After the Ukrainian-Polish War in Galicia, 1918–19, and the Polish occupation of eastern Galicia the authorities abolished Ukrainian chairs and docent positions at Lviv University. By the order of 14 September 1919 only those who had served in the Polish army and were Polish citizens were eligible for admission to the university. Since the status of eastern Galicia was not resolved by the victorious Entente and the Conference of Ambassadors until the 1923, and Ukrainians refused to consider themselves Polish citizens, they were not permitted to enroll at the university. In 1919 the name of the university was changed to Jan Casimir University in honor of the Polish-Lithuanian king, Jan II Casimir Vasa, who founded a Polish Jesuit Academy in Lviv (1661–1763), which the Poles claimed was the predecessor of the university. In 1923 the university was moved to its present site, the building of the former Galician Diet (built in 1877–81). In 1924 the faculty of philosophy was divided into two separate faculties and until 1939 Lviv University had 5 faculties: law; medicine; theology; the humanities; and natural sciences and mathematics. Ukrainians, who continued their demands for a separate Ukrainian university in Lviv, boycotted the university until 1925. As an alternative to the Polish-dominated university, private ‘university courses’ were organized in 1920 by a group of leading Ukrainian intellectuals associated with Shevchenko Scientific Society, among them Vasyl Shchurat, Ilarion Svientsitsky, and Ivan Krypiakevych. The courses consisted of three faculties: philosophy, law, and medicine. Their enrollment was 101 in 1921. The same year the courses were reorganized as Lviv (Underground) Ukrainian University, and Shchurat was elected its first rector. Lviv (Underground) Ukrainian University remained illegal in Poland, with classes taking place on the premises of various Ukrainian civil organizations and even in private homes. Without official recognition and undermined by the continuous persecution of Ukrainian education in Poland, the university shut down its operations in late 1925.

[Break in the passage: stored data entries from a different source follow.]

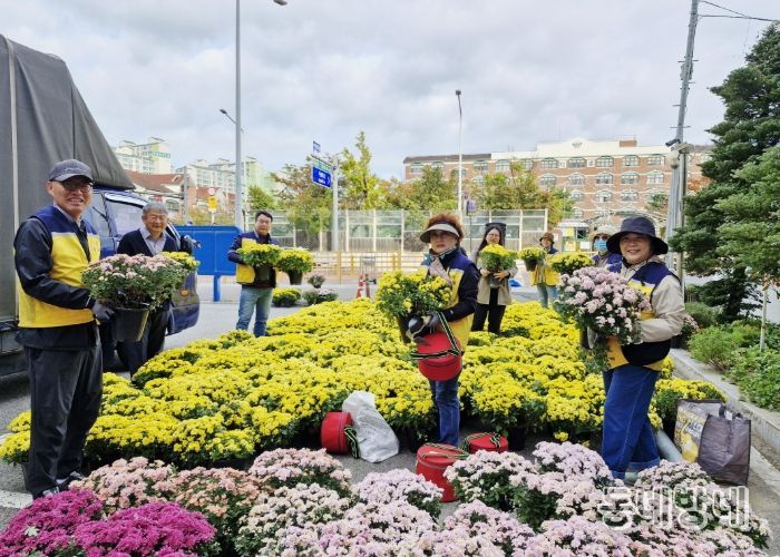 동네방네 김형규 기자 | 고양특례시 일산서구 가좌동 주민자치회는 지난 20일, 주민들이 가을 정취를 느낄 수 있도록 가좌동 주민자치센터와 장산·가좌 IC 일대에서 국화 식재활동을 펼쳤다.
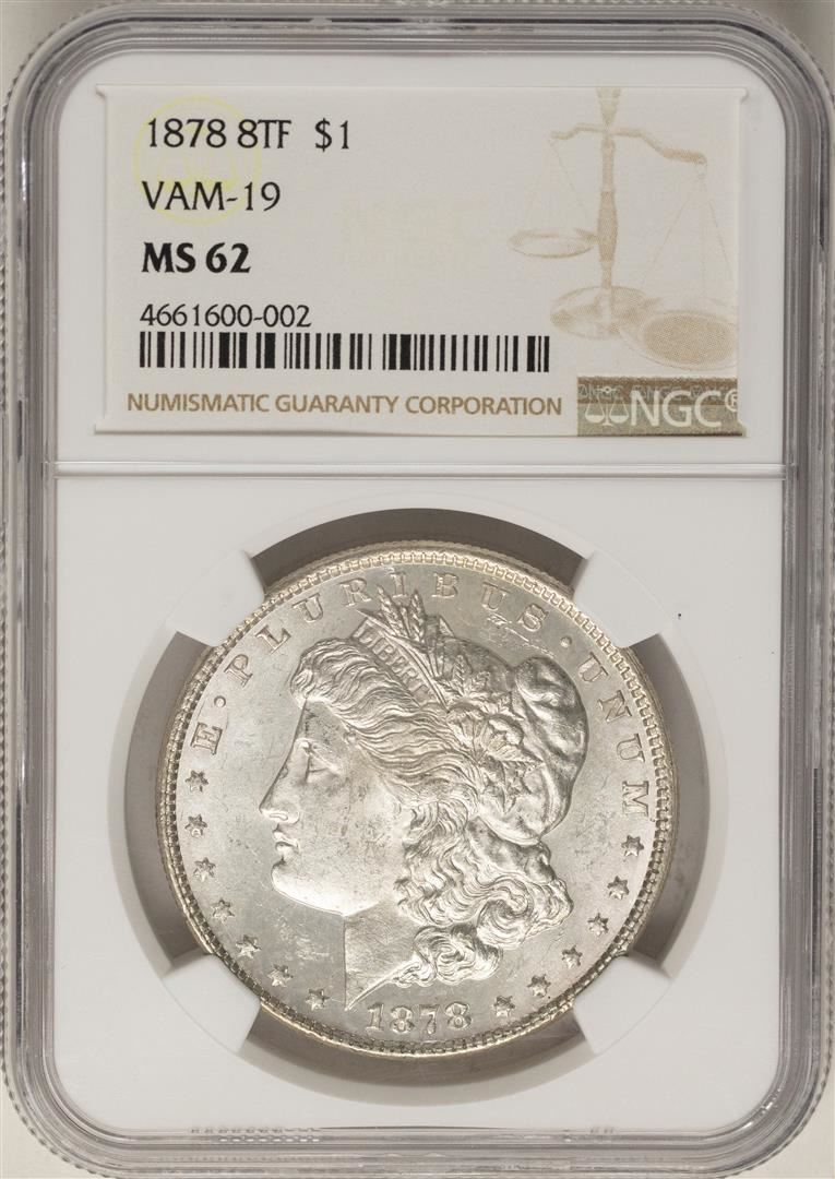 One 1878 8TF VAM-19 $1 Morgan Silver Dollar Coin NGC MS62. NGC Certified.
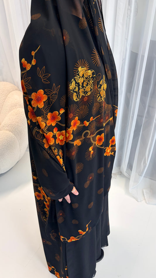 Midnight Marigold Chiffon Abaya

In the mid-1920s Ukrainians stopped boycotting Lviv University and their share among students began to grow. Already in 1925 Greek Catholics (virtually all of them Ukrainians) made up 14 percent of students, while Poles and Jews comprised 50 percent and 35 percent respectively. There were several Ukrainian student organizations at the university, and the first and largest of them was the Student Hromada, founded in 1924. Until 1933 not a single Ukrainian professor worked at Lviv University. That year Ilarion Svientsitsky was appointed docent, and later, after the Soviet takeover of Western Ukraine, headed the Slavic philology department at Lviv University (1939–41, 1944–50). The chair of the ‘Ruthenian’ language was opened in 1928 and was headed by Polish linguist Jan Janów. A proposal by the Polish Ministry of Education to open a chair of the history of Ukrainian literature in 1936 was blocked by the university administration.

Lviv University was one of the largest universities in interwar Poland. The student enrollment grew from 2,647 in 1919–20 to 5,205 in 1937–8. Students belonging to national minorities were subjected to a discriminatory policy known as ‘numerus clausus,’ according to which Ukrainians could not exceed 15 percent of all university entrants, Jews, 10 percent, while Poles were guaranteed 50 percent. Jews also experienced additional discriminatory measures, such as segregation in lecture halls (the so-called ‘bench ghettoes’) and physical assaults. As a result, by the late 1930s Poles completely dominated the student body, comprising 72.5 percent of all students, followed by Ukrainians (14.3 percent) and Jews (10 percent). After 1925 the share of Ukrainians remained stable, but it was considerably lower than that prior to 1918. Lviv University was a leading institution of higher learning in interwar Poland and its faculty included a group of world-renowned philosophers, logicians, and mathematicians, such as Kazimierz Twardowski, Kazimierz Ajdukiewicz, Roman Ingarden, Hugo Steinhaus, and Stefan Banach. In 1933 the Polish government increased the powers of the minister of education at the expense of elected university organs (such as the academic senate and faculty councils); it also cut dozens of university chairs across Poland (including 13 at Lviv University, more than in any other university).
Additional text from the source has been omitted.